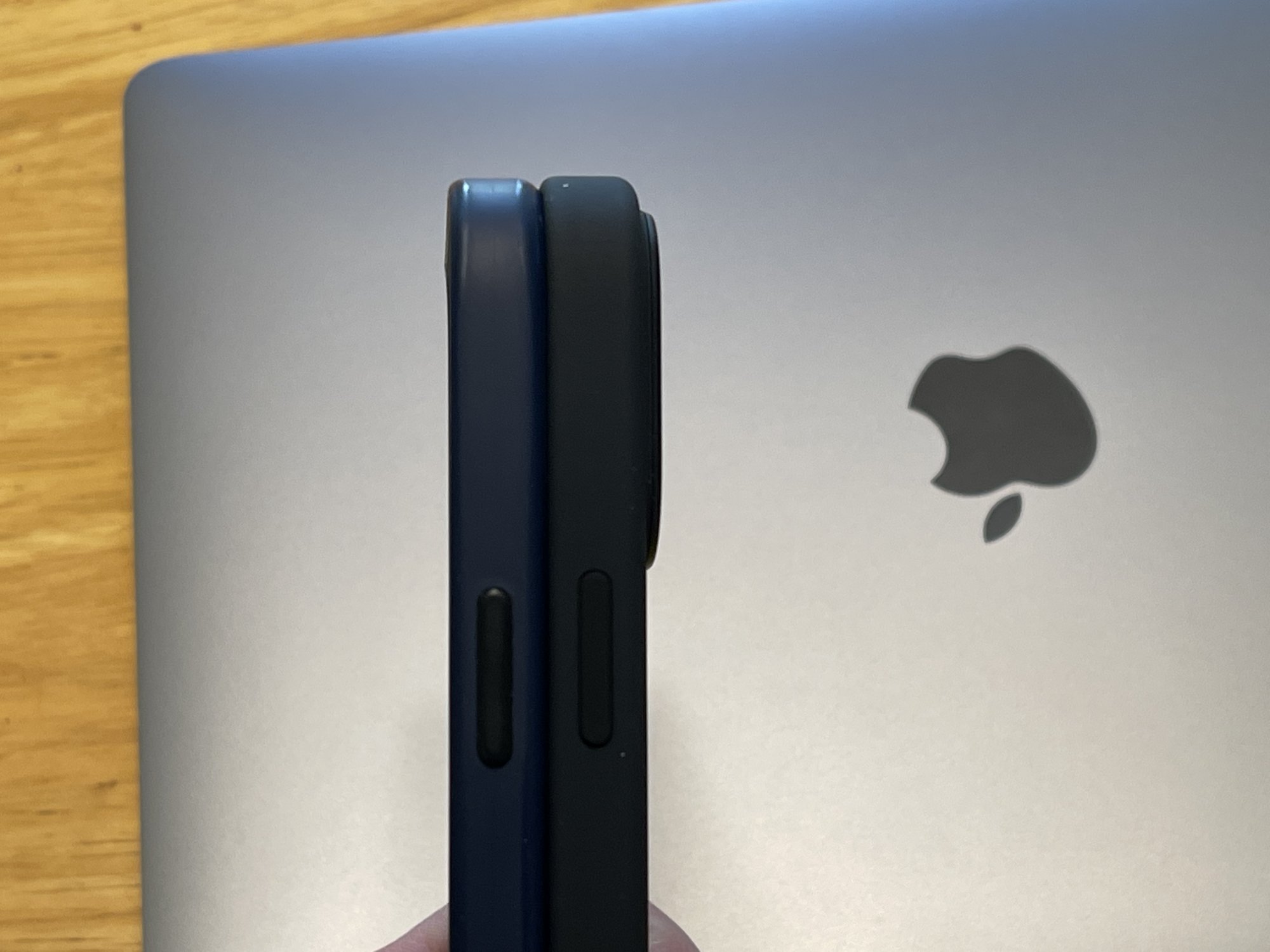 case is thicker tooI always like the grip of the apple silicone cases so that’s what I got for my 13pm. Here’s it compared to my 12pm silicone case. The 13pm silicone case feels sturdier, but that could be because my 12pm case is used. Also, the 12pm fits in the new case fairly well. There’s just a slight gap on the side of the camera cutout due to the 13pm camera bump being larger.
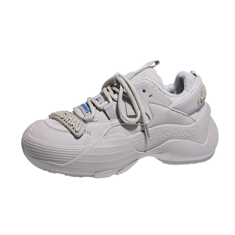 Jia Bujia レディース スポーツシューズ 2023 冬レトロ学生 Comtable ベルベット厚底ランニングお父さん靴 ウィンター 冬物 jxjxf93810251056
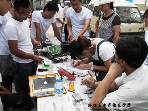 7月23日早晨,我院“科技走进社区”家电维修服务团的志愿者带着工具兴致勃勃的来到了暑期社会实践活动的第三站——内蒙古师范大学家属小区。随后,他们将要在师大家属区进行为期一天的家电维修志愿服务活动。
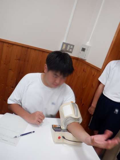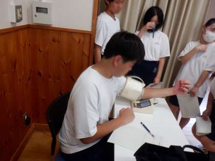 血圧を測った経験がない生徒もおり、興味深々で計測していました。
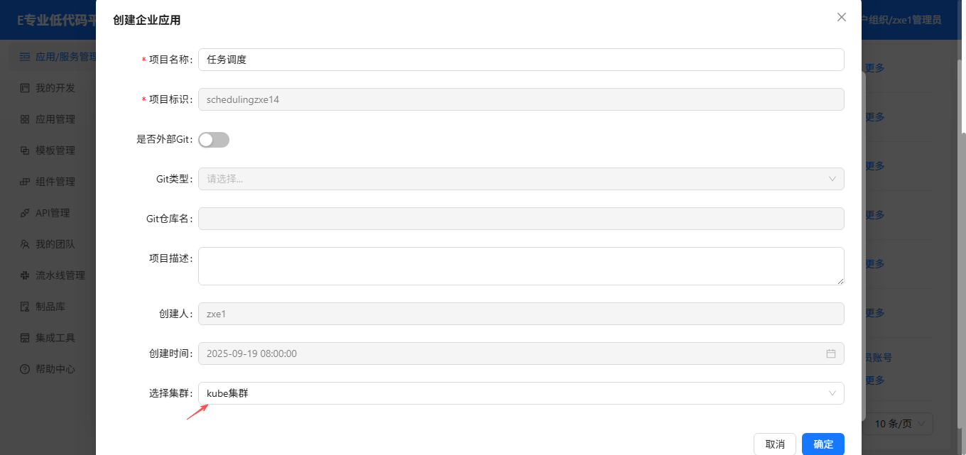 租户中添加 kube 集群中,添加任务调度等应用时,选择集群中显示 kube 集群,此时可以添加应用了
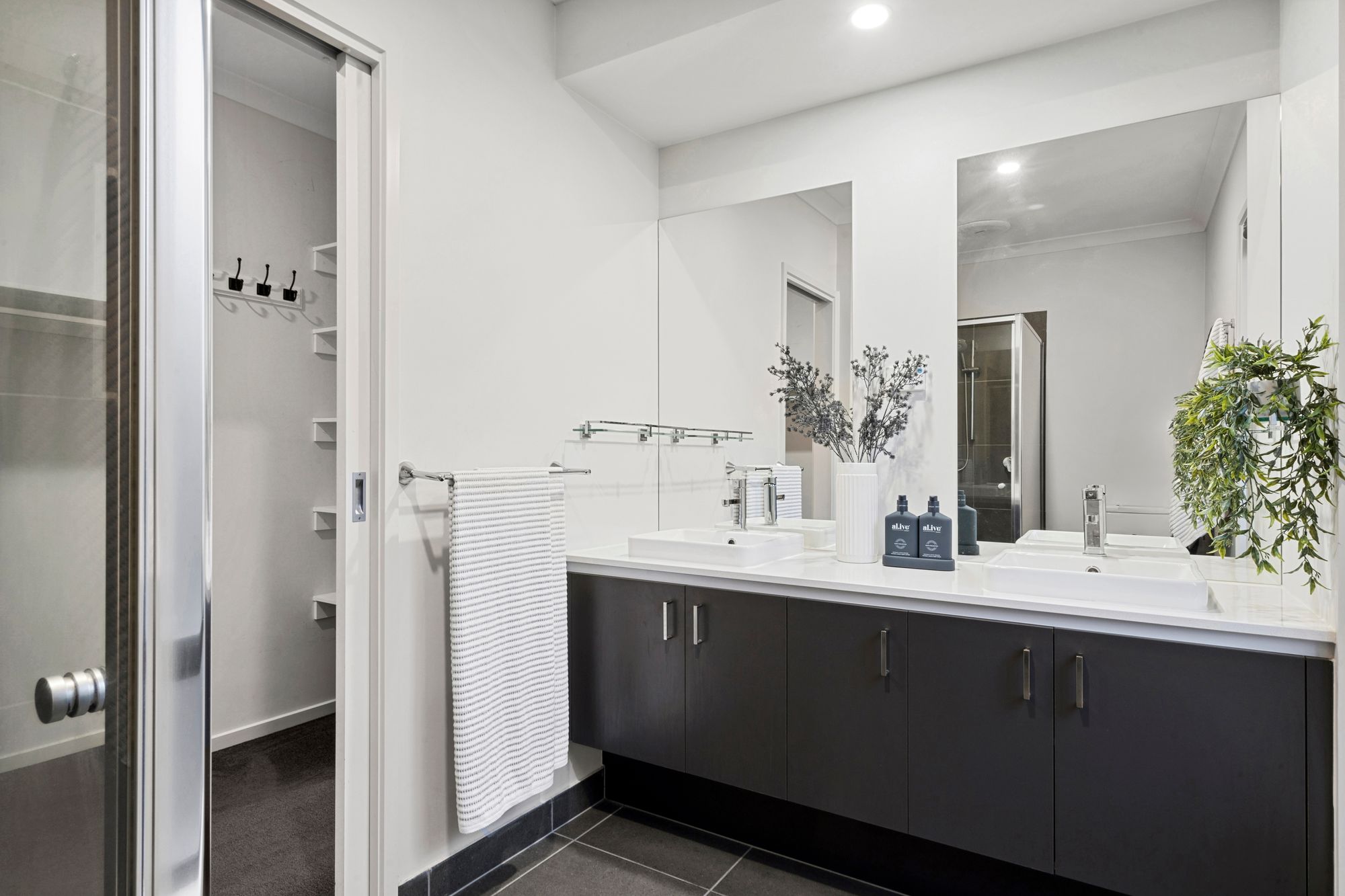 Master Suite: Large/spacious, carpet, large walk-in wardrobe with shelving, ample downlights, bedside power-points, roller blinds & sheer curtains, ducted heating & evaporative cooling, Ensuite; Tiled, semi-frameless shower with handheld shower head, double vanity with dual basins and storage, 20mm stone benchtop, downlights, his and her’s mirror, frosted window, personal toilet, chrome fittings, bulkhead with downlight

* _Problem statement_:
From the first line to the last, repeat the data above exactly and leave the pictures out.

* _Answer to the problem_:
 case is thicker tooI always like the grip of the apple silicone cases so that’s what I got for my 13pm. Here’s it compared to my 12pm silicone case. The 13pm silicone case feels sturdier, but that could be because my 12pm case is used. Also, the 12pm fits in the new case fairly well. There’s just a slight gap on the side of the camera cutout due to the 13pm camera bump being larger.
 Jia Bujia レディース スポーツシューズ 2023 冬レトロ学生 Comtable ベルベット厚底ランニングお父さん靴 ウィンター 冬物 jxjxf93810251056
 7月23日早晨,我院“科技走进社区”家电维修服务团的志愿者带着工具兴致勃勃的来到了暑期社会实践活动的第三站——内蒙古师范大学家属小区。随后,他们将要在师大家属区进行为期一天的家电维修志愿服务活动。
 血圧を測った経験がない生徒もおり、興味深々で計測していました。
 租户中添加 kube 集群中,添加任务调度等应用时,选择集群中显示 kube 集群,此时可以添加应用了
 Master Suite: Large/spacious, carpet, large walk-in wardrobe with shelving, ample downlights, bedside power-points, roller blinds & sheer curtains, ducted heating & evaporative cooling, Ensuite; Tiled, semi-frameless shower with handheld shower head, double vanity with dual basins and storage, 20mm stone benchtop, downlights, his and her’s mirror, frosted window, personal toilet, chrome fittings, bulkhead with downlight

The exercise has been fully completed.